A look into the cancel culture mind 1


We’ve all run into the vicious nastiness which pervades the Internet. If you make public posts, there’s a good chance you’ve been its target, if only from occasional potshots. Sometimes it’s seriously painful. Anyone who’s had a loved one die of COVID needs to think carefully before mentioning the fact publicly.

An Atlantic article by Kaitlin Tiffany, “How Telling People to Die Became Normal”, looks at the kind of people who try to increase other people’s pain. Referring to a Facebook group dedicated to this kind of malice, she writes:

Members of this group have spent their time visiting pages for the deceased and writing things like “Another one bites the dust!” and “nAtUrAl ImMuNiTy,” or posting a bunch of laughing emoji or a meme of Yoda saying “Around, he fucked. Find out, he did.” One guy replies to old comments from friends and family members of the deceased and says, “You did not pray hard enough. He’s dead. Why didn’t you pray harder?” or “You sent only three pairs of praying hands. Jesus counts them on Facebook. other people sent four pairs.”
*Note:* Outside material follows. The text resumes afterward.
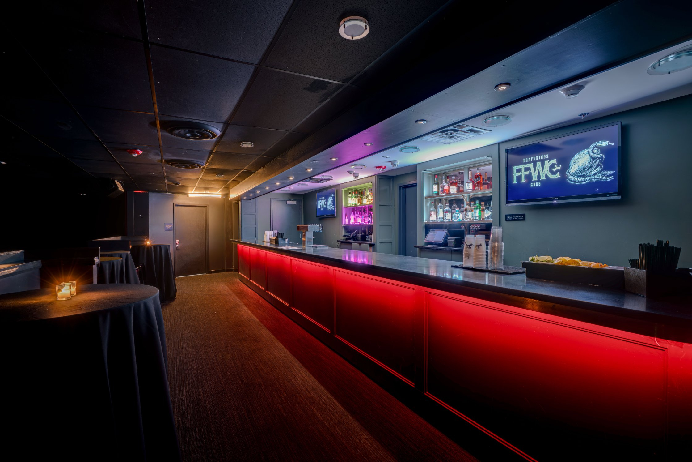 Featuring a state-of-the-art audio/visual system, a fixed stage, three permanent bars, and multi-tiered balcony seating, the 10,000 square foot Joy Theater can be customized to fit all functions including live music, stand-up comedy shows, film screenings, corporate events, and private receptions.

Others mock people whose loved ones died after getting vaccinated, and therefore must have been killed by the vaccine (though by the same logic they were killed by what they had for breakfast and by the last TV show they watched).

“It isn’t cruel to state the obvious,” one wrote. “What’s cruel is to continue to promote a jab that has killed so many knowing that your own child died from it.”

These sound like the kind of people who would adopt kittens just to torture them, but of course they’re convinced they’re on the side of Right and Good. One person, talking about an “award” given posthumously to mock people who have died of COVID, said, “For a lot of us, the Herman Cain Awards are very therapeutic.” He went on to describe his stereotyped image of his targets: “They are almost universally white, Republican. The men have goatees and are hunters and/or motorcycle drivers.” In a later interview, though, he admitted, “A better therapy is to just not be on social media at all.”

The article cites this person by name. Please don’t treat him the way he treated others. As the last quote shows, there’s a chance he’s improving, and perpetuating a cycle of malice won’t help anything.

I’ve come across many articles that regard cancel culture as a good thing, punishing people for expressing wrong thoughts. (There are also articles that deny that it happens at all, but I won’t get into that today.) They don’t seem to care that the response is often disproportionate to the offense or that sometimes the “offense” is merely disagreeing with the cancelers or being in a target group (e.g., people who look like Tony Stark).

I don’t know what else to say, beyond reminding people of Wil Wheaton’s advice: “Don’t be a dick.”


One thought on “A look into the cancel culture mind

  • Arthur L Rubin

    COVID is complicated. People who die from COVID (or even with COVID) after taking the vaccine may very well have been actually killed by the vaccine. It is not wise to mock such people. It may be wise to mock policies that cause the number of deaths to increase – if we could agree as to which policies were involved.